I’ll need some pretty serious convincing to move away from our 100% HP ProLiant Windows server estate, especially as we use HP Systems Insight Manager for hardware monitoring and have had some issues in the past integrating hardware from other OEMs; however, the Sun servers do look pretty good – especially for anyone in the market for an 8-way server, where the Sun Fire x4600 is particularly impressive – I guess if HP had an equivalent box it would be called the ProLiant DL785. Sun also have 2-way servers (that would be positioned to compete with the HP ProLiant DL365) and a blade enclosure that’s broadly similar to the HP C-class blade enclosure, which I wrote about a few weeks back. Strangely though, there is a gap – with no 4-way equivalent to the HP ProLiant DL585. They all look to be pretty well engineered, with extra NIC capacity (4 ports as standard) as well as all the other features that could be expected on a modern server (management processor, redundant hot swap power supplies, separate airflows for components, etc.) and a service console port (something that administrators of Sun SPARC servers will have been used to for a while now). In fact, if I had any concerns, it would be about the delay in bringing new developments to market – for example the largest serial attached SCSI (SAS) hard disk drives current offered by Sun are 73GB, whereas some competitors have 146GB SAS drives available.

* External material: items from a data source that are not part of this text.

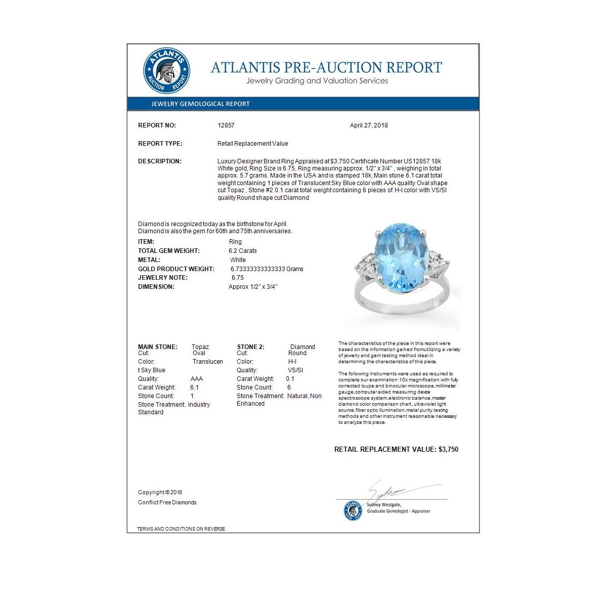 REF-52A8X -12857 ---- 6.20 CTW Blue Topaz & Diamond Ring 18K White Gold ---- Luxury Designer Brand Ring Appraised at $3,750 Certificate Number US12857 18k White gold, Ring Size is 6.75, Ring measuring approx. 1/2" x 3/4" , weighing in total approx. 5.7 grams. Made in the USA and is stamped 18k, Main stone 6.1 carat total weight containing 1 pieces of Translucent Sky Blue color with AAA quality Oval shape cut Topaz , Stone #2 0.1 carat total weight containing 6 pieces of H-I color with VS/SI quality Round shape cut Diamond
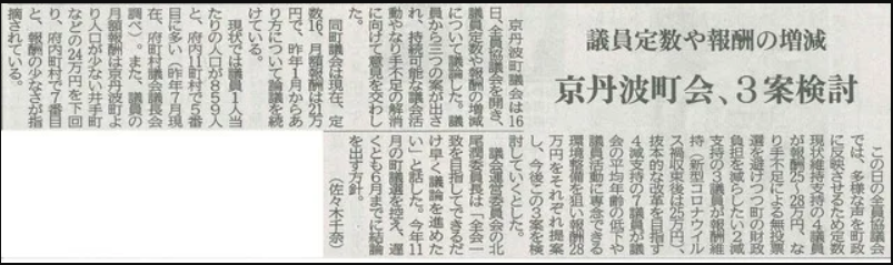 京丹波町議会:議員定数、報酬等改正について2021年2月16日
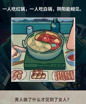 5、男人做了什么才见到了女人?——点击桌上的鸳鸯锅(这关绝对是四川人想出来的)
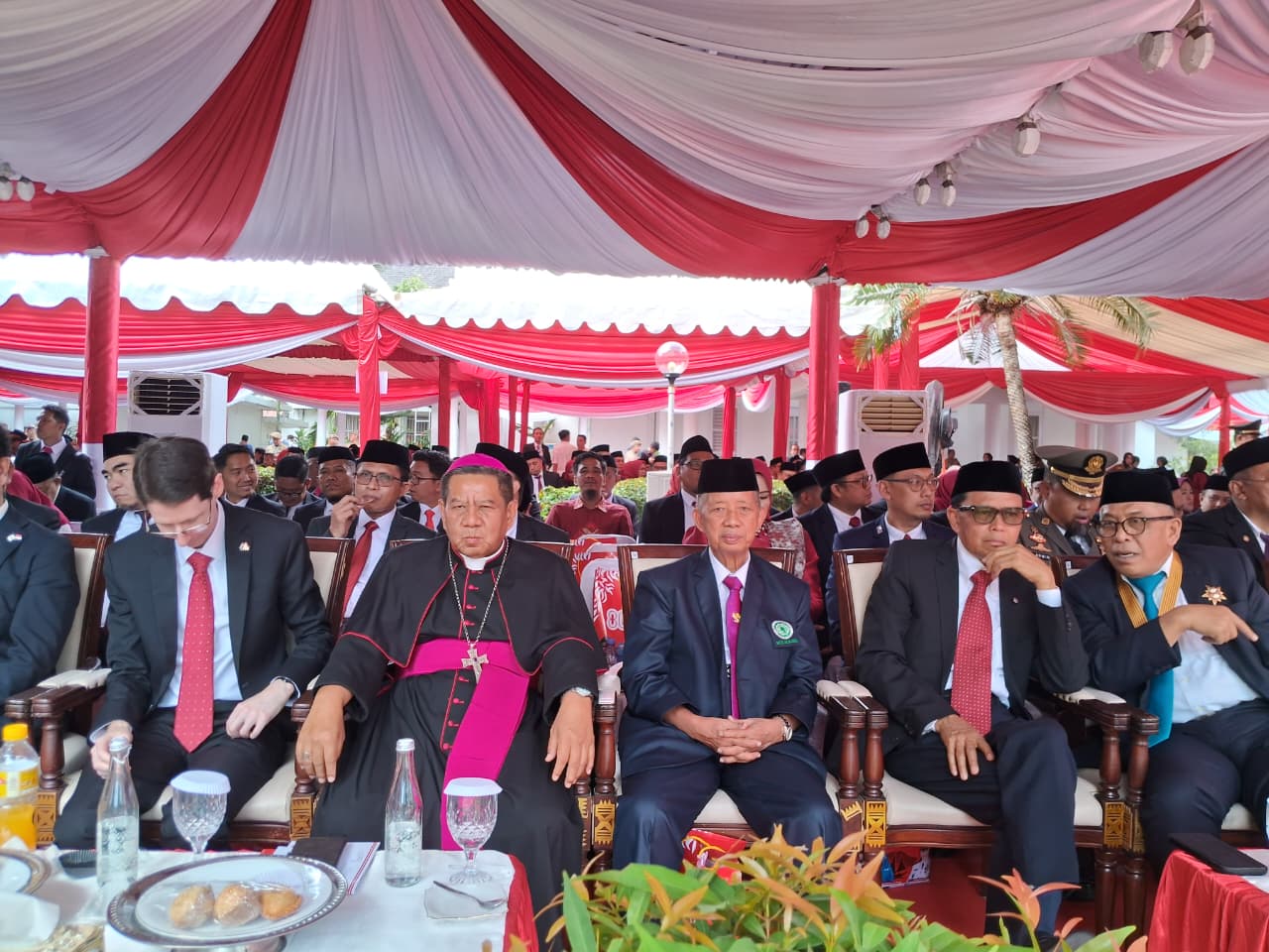 Makassar, muisulsel.or.id – Ketua Umum Majelis Ulama Indonesia (MUI) Sulawesi Selatan Prof. Najamuddin turut menghadiri upacara peringatan HUT ke-80 Kemerdekaan Republik Indonesia di halaman Rumah Jabatan Gubernur, Jln Jenderal Sudirman, Makassar, Ahad (17/8/2025).

Sun are still a small player in the x86/x64 server space – but they are rapidly increasing their market share (revenue up 48% and market share up 0.7% year on year [source IDC]); however it should also be noted that market-leaders HP also saw modest growth over the same period. I’ll watch Sun’s progress with interest, and who knows, maybe soon I’ll be in a position to specify some Sun servers somewhere.
I have always found Sun hardware to be top notch, I do not really have an experience with HP. Although it is completely different architecture not sure how that would play to visualization needs. nice post.
@Will – same architecture – these are the x64-based Sun servers (not SPARC) and are directly comparable to HP’s ProLiant range.